Record extracts:
######

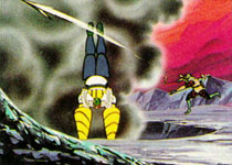 ...il mostro Haniwa gli lancia una scarica di raggi magnetici che lo scaraventano al suolo .Jeeg decide allora di risalire alla superficie...
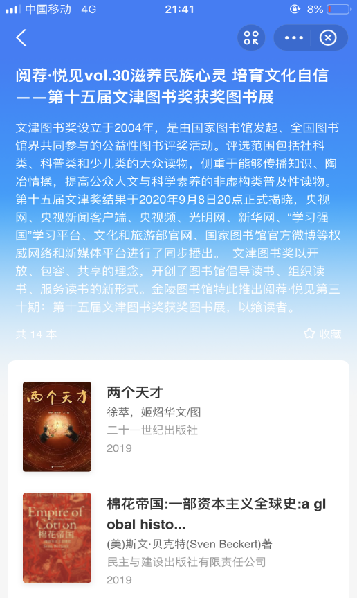 鼓楼区图书馆的的文津奖获奖图书巡展
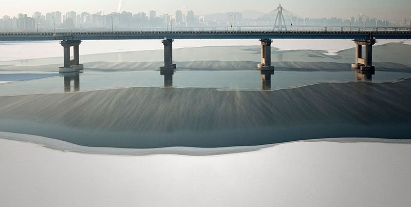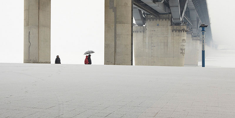 나는 인적이 드문 고즈넉한 장소를 찾아 눈을 기다린다. 마침내 눈이 내리기 시작하면, 강물 주변은 마치 잘 짜인 드라마 세트장처럼 모든 번잡함이 지워지고 간결하게 정돈된다. 주변의 소음과 색채가 하얀 눈 아래 묻히는 순간, 세상과의 단절 속에서 오직 나와 한강만이 오롯이 남는다.
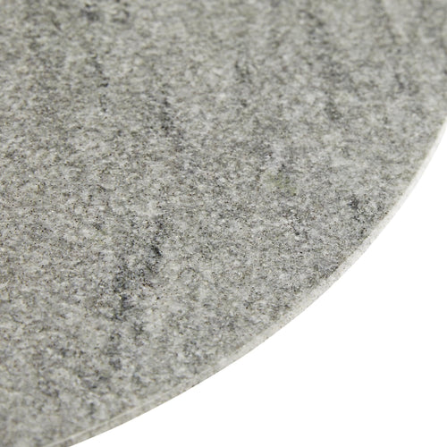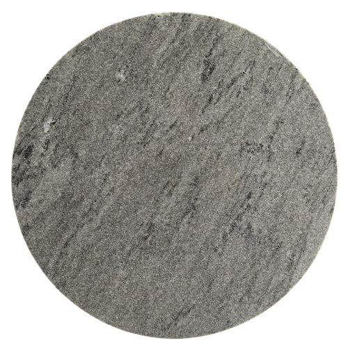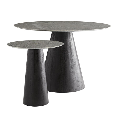DescriptionTraditional design and mixed materials compose the clean-lined silhouette of our Theodore Side Table. A round gray solid marble top is fashioned to a tapered wood base that has been sandblasted in an ebony finish. The beveled edge of the marble top adds depth and dimension while the dark stain of the finish accentuates the wood's natural textures. For a larger version see our Theodore Dining Table (6855).
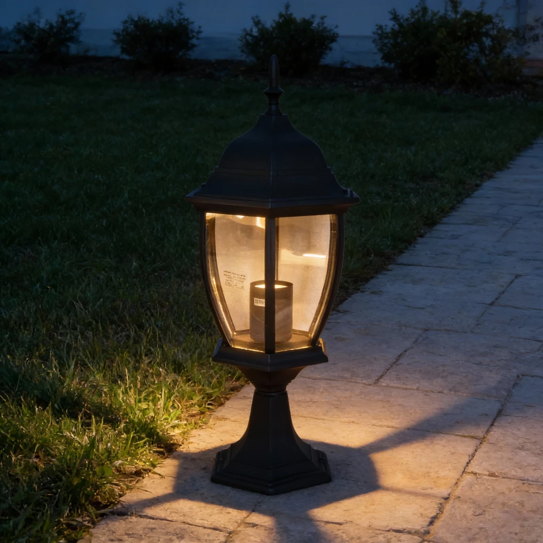 • فانوس جلاسي أسود وسط: فانوس أرضي بعمود إنارة قصير يؤطر حدود الممشى بوضوح.

######

Task objective:
Pictures are to be left out; otherwise, retype exactly the lines from the first line of the data through the line containing "나는 인적이 드문 고즈넉한".

Response area:
 ...il mostro Haniwa gli lancia una scarica di raggi magnetici che lo scaraventano al suolo .Jeeg decide allora di risalire alla superficie...
 鼓楼区图书馆的的文津奖获奖图书巡展
 나는 인적이 드문 고즈넉한 장소를 찾아 눈을 기다린다. 마침내 눈이 내리기 시작하면, 강물 주변은 마치 잘 짜인 드라마 세트장처럼 모든 번잡함이 지워지고 간결하게 정돈된다. 주변의 소음과 색채가 하얀 눈 아래 묻히는 순간, 세상과의 단절 속에서 오직 나와 한강만이 오롯이 남는다.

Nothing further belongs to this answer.